■ **Directions for this task**
Only the lines below from the one containing "Kit réparation pompe" through the one containing "Vaso doble pared" belong in the answer, set down exactly, with the pictures left out.

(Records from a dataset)
*-*-*

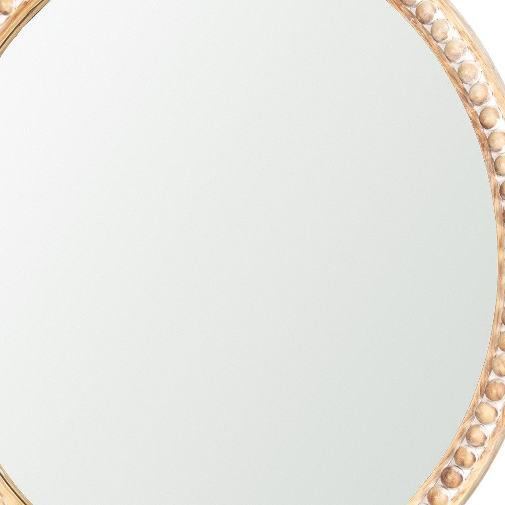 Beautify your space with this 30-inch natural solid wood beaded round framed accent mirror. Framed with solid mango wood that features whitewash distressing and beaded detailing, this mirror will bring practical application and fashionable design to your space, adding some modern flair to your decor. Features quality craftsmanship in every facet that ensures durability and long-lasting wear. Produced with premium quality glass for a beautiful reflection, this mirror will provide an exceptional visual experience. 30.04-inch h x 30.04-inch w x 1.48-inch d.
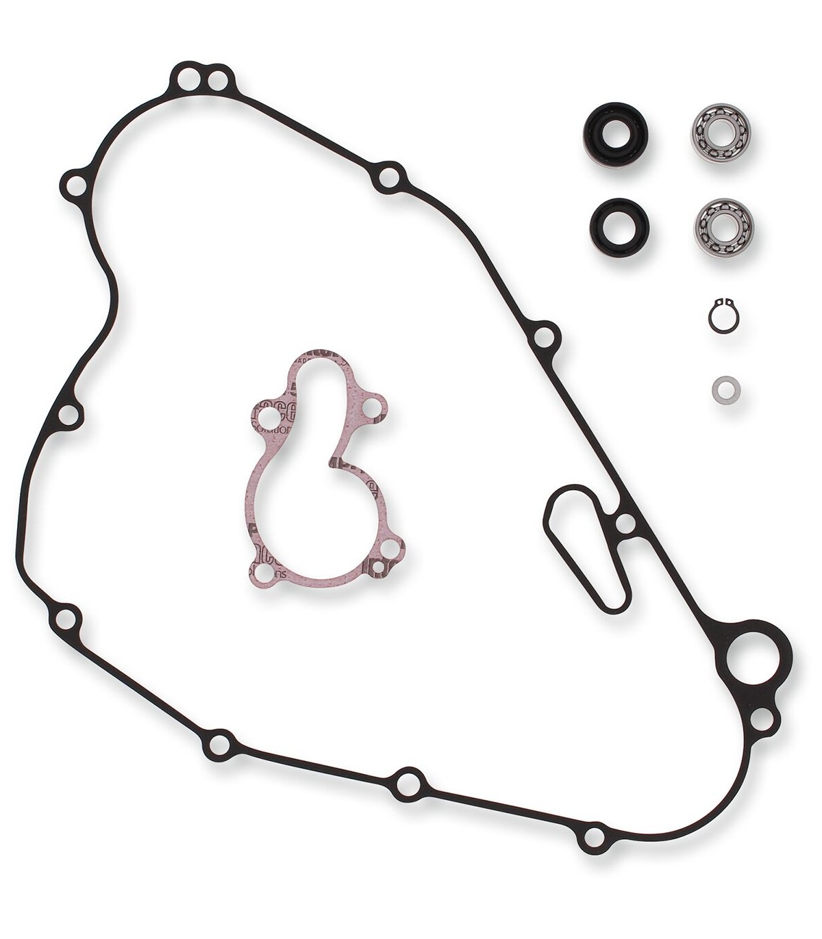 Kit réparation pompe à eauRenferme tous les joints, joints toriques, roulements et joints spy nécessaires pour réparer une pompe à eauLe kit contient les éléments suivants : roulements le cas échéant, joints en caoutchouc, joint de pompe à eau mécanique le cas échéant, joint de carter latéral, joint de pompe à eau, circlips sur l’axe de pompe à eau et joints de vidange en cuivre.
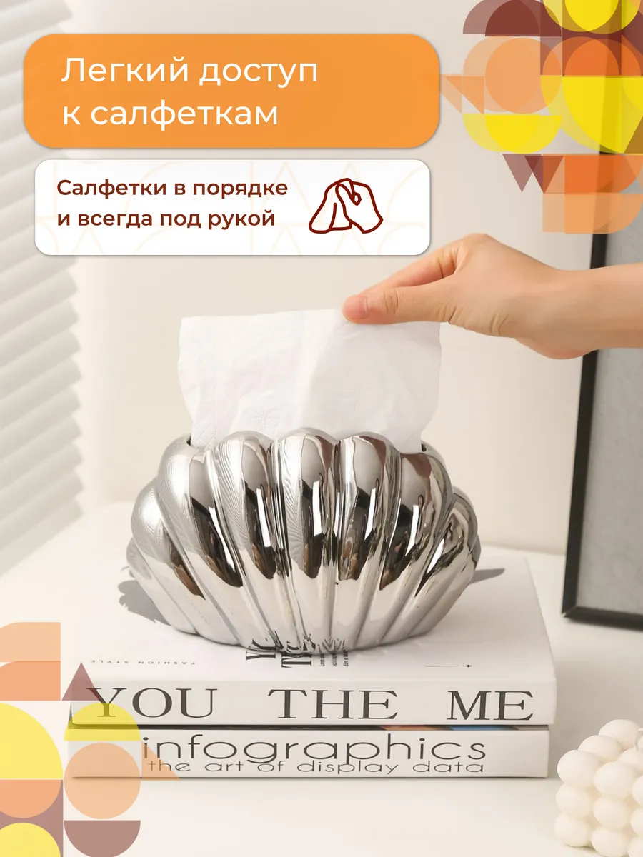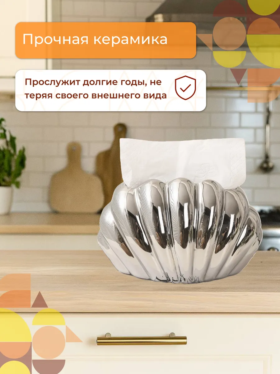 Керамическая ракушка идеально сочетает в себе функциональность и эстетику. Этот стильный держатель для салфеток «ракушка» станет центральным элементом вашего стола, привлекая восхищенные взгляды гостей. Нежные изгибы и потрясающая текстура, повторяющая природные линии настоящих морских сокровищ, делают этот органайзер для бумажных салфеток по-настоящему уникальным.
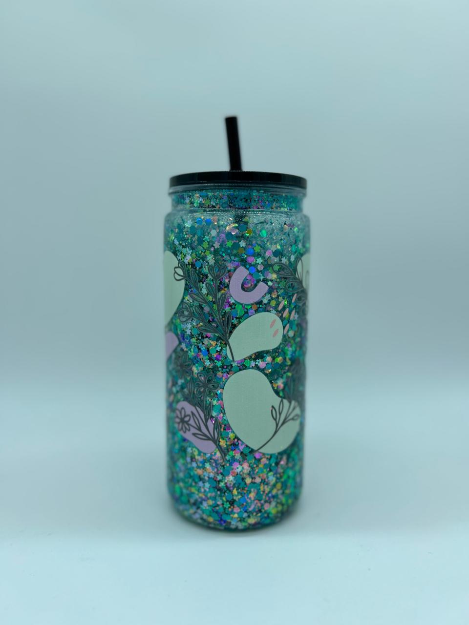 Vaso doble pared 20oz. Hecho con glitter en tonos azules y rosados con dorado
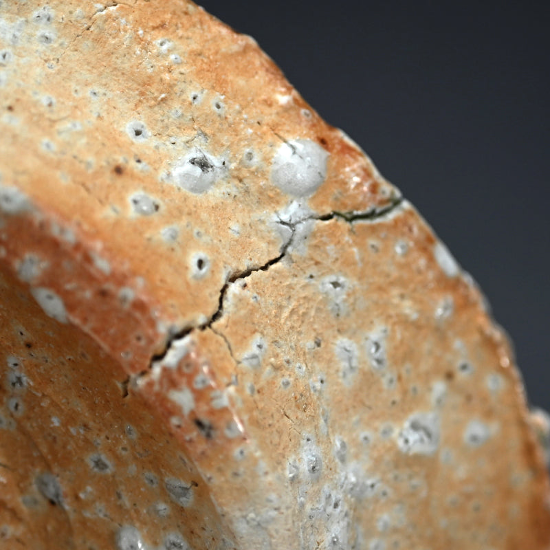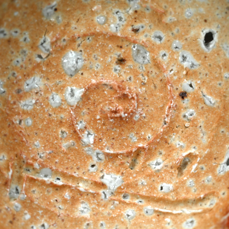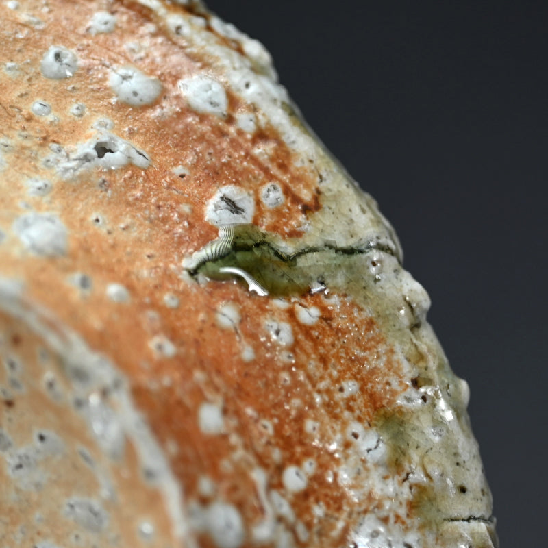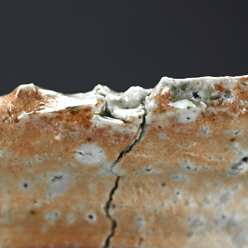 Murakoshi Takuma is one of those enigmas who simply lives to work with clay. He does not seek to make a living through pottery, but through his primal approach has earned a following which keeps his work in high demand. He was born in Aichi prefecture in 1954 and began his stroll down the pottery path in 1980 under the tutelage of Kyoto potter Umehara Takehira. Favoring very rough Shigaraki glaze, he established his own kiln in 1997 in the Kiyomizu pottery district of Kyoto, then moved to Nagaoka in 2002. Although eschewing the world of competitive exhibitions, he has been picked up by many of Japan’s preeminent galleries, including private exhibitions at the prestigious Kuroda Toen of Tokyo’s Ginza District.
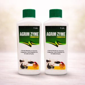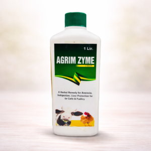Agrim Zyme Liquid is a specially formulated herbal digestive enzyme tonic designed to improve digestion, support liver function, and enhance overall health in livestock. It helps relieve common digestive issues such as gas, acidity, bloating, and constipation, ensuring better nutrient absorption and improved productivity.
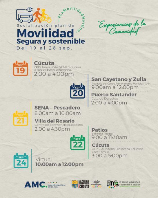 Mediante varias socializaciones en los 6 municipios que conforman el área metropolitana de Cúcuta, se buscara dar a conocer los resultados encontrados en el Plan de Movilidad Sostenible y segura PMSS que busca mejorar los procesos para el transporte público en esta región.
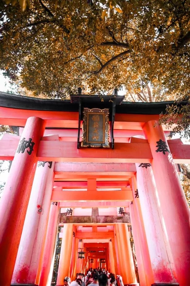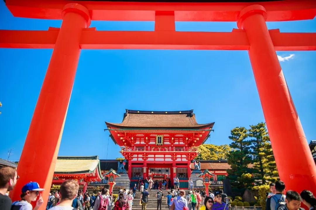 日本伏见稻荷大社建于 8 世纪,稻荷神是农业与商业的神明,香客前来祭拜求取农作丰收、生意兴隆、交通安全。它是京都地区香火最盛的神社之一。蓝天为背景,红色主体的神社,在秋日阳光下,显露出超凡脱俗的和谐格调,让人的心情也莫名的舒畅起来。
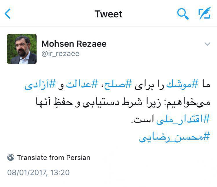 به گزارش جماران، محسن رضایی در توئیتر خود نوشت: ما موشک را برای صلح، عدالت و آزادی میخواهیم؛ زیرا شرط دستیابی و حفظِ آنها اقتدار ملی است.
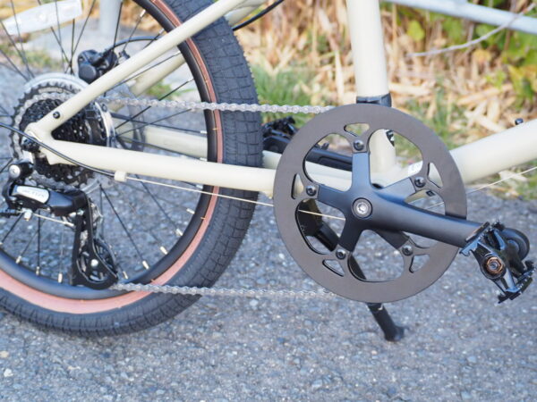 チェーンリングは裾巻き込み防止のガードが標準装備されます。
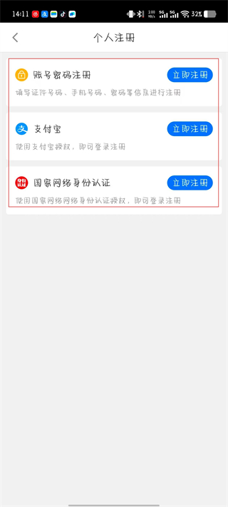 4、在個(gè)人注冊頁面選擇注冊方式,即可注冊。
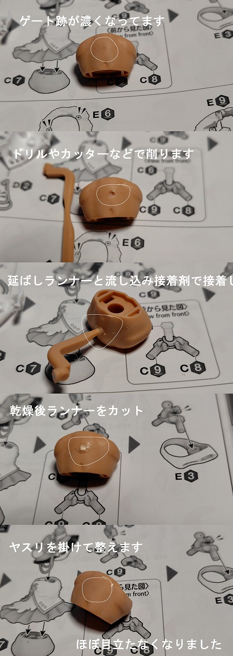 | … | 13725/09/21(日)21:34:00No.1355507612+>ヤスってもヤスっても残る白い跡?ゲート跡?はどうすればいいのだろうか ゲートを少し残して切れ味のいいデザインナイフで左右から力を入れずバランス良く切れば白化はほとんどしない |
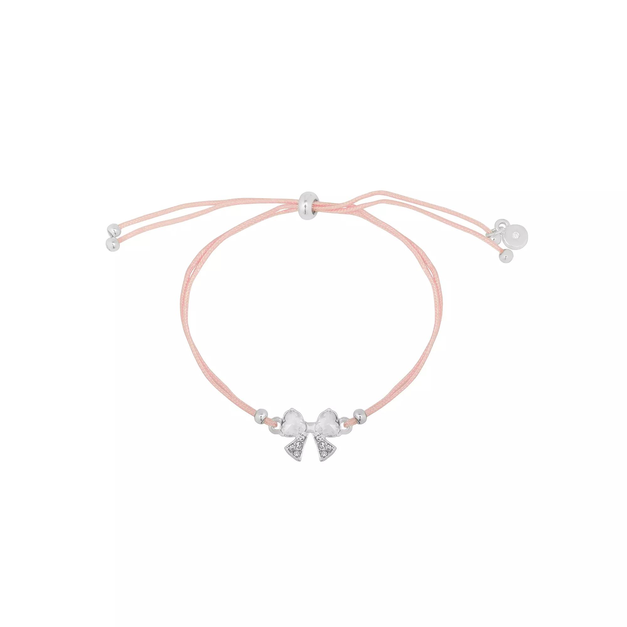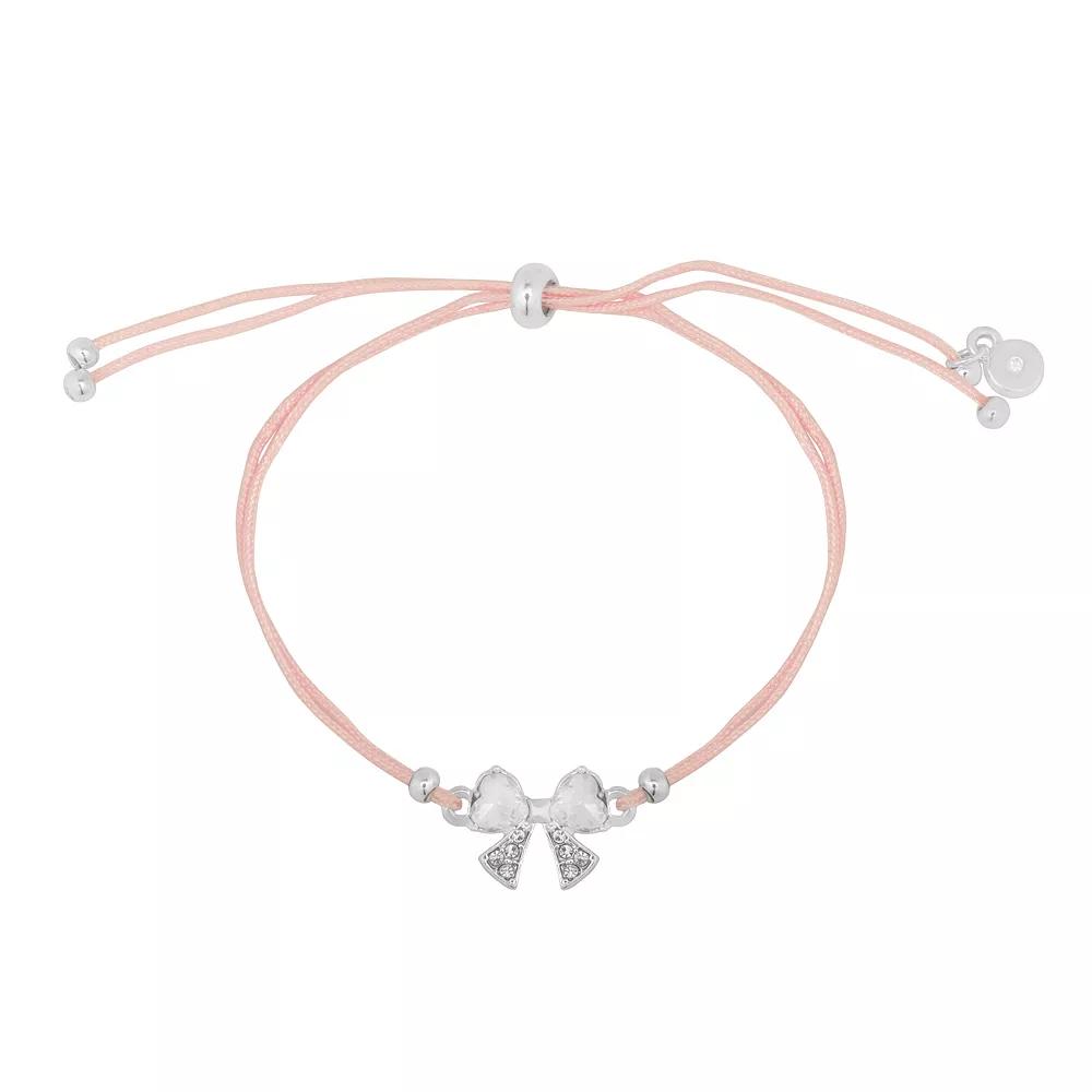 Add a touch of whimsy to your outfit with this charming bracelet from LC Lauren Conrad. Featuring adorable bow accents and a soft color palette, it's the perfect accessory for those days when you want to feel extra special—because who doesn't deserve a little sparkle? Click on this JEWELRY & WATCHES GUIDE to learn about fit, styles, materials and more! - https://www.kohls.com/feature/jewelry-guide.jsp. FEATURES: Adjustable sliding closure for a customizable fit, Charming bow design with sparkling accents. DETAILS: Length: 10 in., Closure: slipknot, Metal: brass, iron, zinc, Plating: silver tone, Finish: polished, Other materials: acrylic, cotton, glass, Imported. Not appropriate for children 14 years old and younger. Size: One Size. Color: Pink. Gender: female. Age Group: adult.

*-*-*

■ **Exercise response**
 Kit réparation pompe à eauRenferme tous les joints, joints toriques, roulements et joints spy nécessaires pour réparer une pompe à eauLe kit contient les éléments suivants : roulements le cas échéant, joints en caoutchouc, joint de pompe à eau mécanique le cas échéant, joint de carter latéral, joint de pompe à eau, circlips sur l’axe de pompe à eau et joints de vidange en cuivre.
 Керамическая ракушка идеально сочетает в себе функциональность и эстетику. Этот стильный держатель для салфеток «ракушка» станет центральным элементом вашего стола, привлекая восхищенные взгляды гостей. Нежные изгибы и потрясающая текстура, повторяющая природные линии настоящих морских сокровищ, делают этот органайзер для бумажных салфеток по-настоящему уникальным.
 Vaso doble pared 20oz. Hecho con glitter en tonos azules y rosados con dorado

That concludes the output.